As the youngsters crossed the field and strolled up the street, Dick gave an accurate account of what had befallen him.
"So the sneak wanted to pay you to help him in some dirty sort of work?" demanded Dave, his dark eyes ablaze with disgust.
"I imagine it must have been dirty work, since Dexter had planned it out," Dick admitted, smiling.
"The hound! But then, see here, Dick; if Dexter wanted you to help him in anything of that sort, it means that he's going to try to bother that poor wife of his again."
"It looks that way, Dave."
"Then we ought to warn Mrs. Dexter, so that she can be on her guard against the worthless rascal."
"I've been thinking of that, Dave. Yes; I'm sure we must go and give Mrs. Dexter a hint. It wouldn't be right not to tell her of what may be ahead of her."
"We might go around to her house to-morrow afternoon after school, eh?" proposed Greg.
"Football practice to-morrow afternoon," retorted Dave Darrin dryly.
"Besides, to-morrow afternoon might be too late," urged Dick. "Fellows, when we have a message like this, which may be of great importance to some other human being, there's no time for doing the errand like—now!"
"That's right, too," approved Dave. "It won't take us more than five minutes to reach Mrs. Dexter's house. Let's head for there at the next corner?"
That being agreed to, the three chums set out at a brisk walk. A few minutes later Dick was pulling the doorbell of Mrs. Dexter's new home, while Dave and Greg stood just a little below him on the steps.
It was a pretty little house, of ten rooms; not as large a house as Mrs. Dexter might have been able to afford, but one that was a happy contrast to the three-room flat in which Mrs. Dexter had lived when obliged to support herself at dressmaking. As yet there were but two servants on the place—a woman who did the house-work and a hired man, who slept in a room over the little barn at the rear of the house.
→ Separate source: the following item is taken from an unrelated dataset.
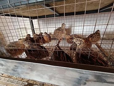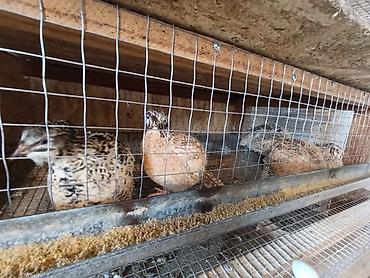 - Корм — стандартные смеси для перепелов (на фото видны кормушки).

"Will you ask Mrs. Dexter if she can see us, please?" asked Dick, lifting his cap, when the woman-of-all-work opened the door. "Kindly tell her that we have news for her which we think may be very important."
"Come in, boys," replied the housekeeper, doubtless pleased by Dick's deference in raising his cap, an example in which he had been promptly followed by Dave and Greg.
The woman showed them into a little parlor. Mrs. Dexter soon came down and greeted them.
"I'm very glad you boys have called on me," she said. "You and your other friends did me a service to-day that I can't forget. I was on the way to the bank to leave the jewels and the money when you helped me so handsomely."
"We've come, Mrs. Dexter," said Dick, "to tell you what happened to-night. It may be the means of saving you from further trouble with Mr. Dexter."
Then Dick told the story of his adventure that evening. Dave and Greg added a few words at the end.
"So we think," summed up Dick, "that Mr. Dexter may not yet be through with his schemes against you. Excuse us, Mrs. Dexter, but don't you think it would be well to have a man sleep in the house—one that you can depend on if Dexter comes here to make trouble?"
"Yes, indeed. My hired man is a straight-forward fellow. I'll have him stay around here more, and I'll have a room fitted up in the house for him. Mr. Dexter isn't usually extremely brave. I imagine that the hired man can take care of him if he puts in an appearance. At all events, I shall feel safer for having a man in the house."
Their errand being done, the three Grammar School boys would have risen to go, but Mrs. Dexter detained them, asking many questions about their school life.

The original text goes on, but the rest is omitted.